The results demonstrate that it is possible to control the angle of a locust’s hind leg using a simple, closed-loop stimulation strategy. In particular, the control was achieved using short voltage pulses and varying the delay between them. Fast pulse-generation devices can be implemented using simple commercial microcontrollers, which offer configurable outputs for multisite stimulation and are easily accessible. Furthermore, fast pulses are advantageous because they allow a large proportion of the current to be capacitive instead of faradic, thus decreasing the occurrence of redox reactions, which could be harmful to the surrounding tissue45.
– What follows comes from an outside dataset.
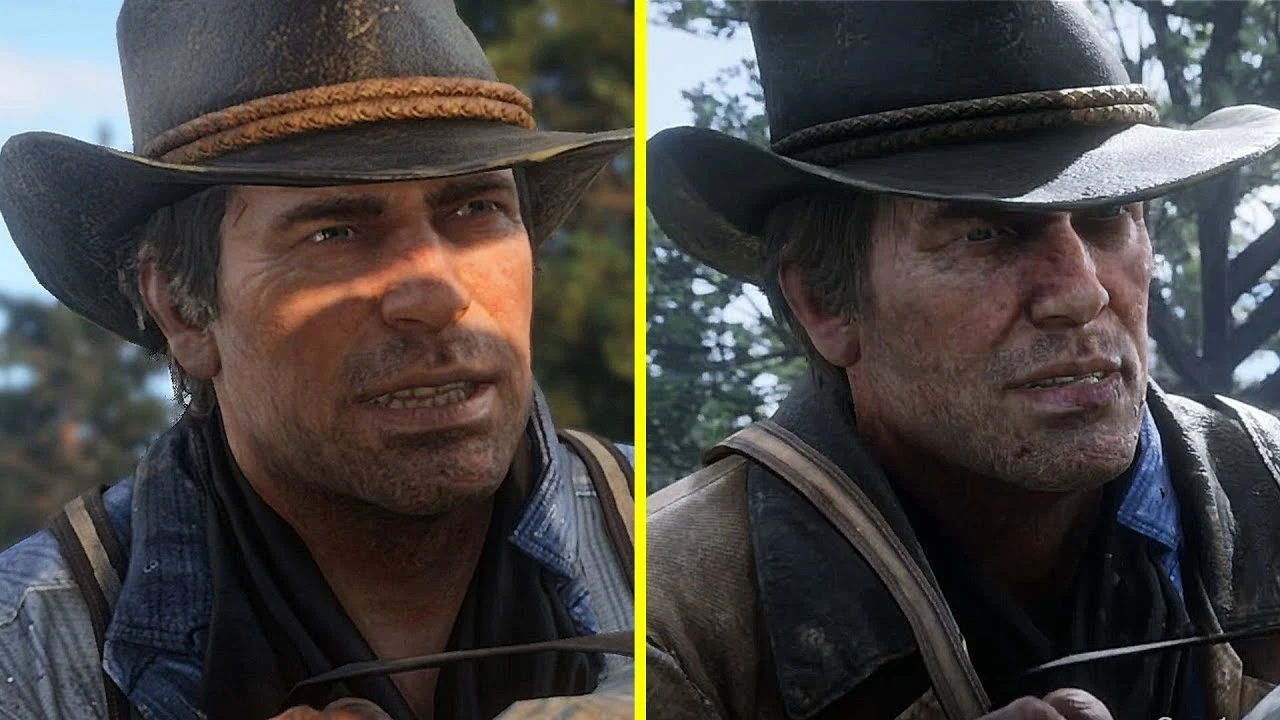 레드데드리뎀션2에서 왼쪽(트레일러) 오른쪽(실제 게임)

Multiple aspects could be advanced to improve the precision of this intervention in future implementations. Most importantly, a single stimulation site and a simple proportional control strategy limit the degree of precision that can be achieved. Consequently, multi-site selective stimulation of a single nerve or coordinated stimulation of different nerves are paramount for precise control using this concept46,47. Another important factor for reliable control is the transducer. In this work, we opted for an ink-based flexible resistor, because we wanted to minimize the mechanical load on the leg. However, the nonlinear response of the chosen transducer influences the control strategy. Other angle transducers, such as potentiometers, could represent a very high mechanical load for the leg of the locust, thus interfering with the free movement. A low-friction rotary encoder with an analog-voltage output or more advanced thin-film flexible resistors could be the best compromise between precision and mechanical load. Finally, while a proportional control strategy sufficed for our purposes, more complex strategies would bring additional benefits, such as the absolute elimination of the error signal with the addition of an integrative factor in the control loop. The demonstrated concept of controlling a variable in a non-fully characterized system might be applied to other systems such as the degradation of fat into heat by stimulating nerves innervating adipose tissue and monitoring its temperature as control parameter.

Conclusions

We demonstrated a closed-loop stimulation system to control the angle of extension of a locust’s leg in real time by stimulating its extensor nerve with custom cuff electrodes. The system is implemented by a microcontroller that generates a rate-coded stimulation signal, and a flexible resistor provides the feedback signal. The results show that the average leg angle can be controlled using a time-dependent input and a stimulation signal between approximately 4 and 20 Hz. We expect this model to serve as a primer for students and young researchers interested in applying control theory to biological systems. Future work should address selective stimulation approaches to allow a finer control of leg motion.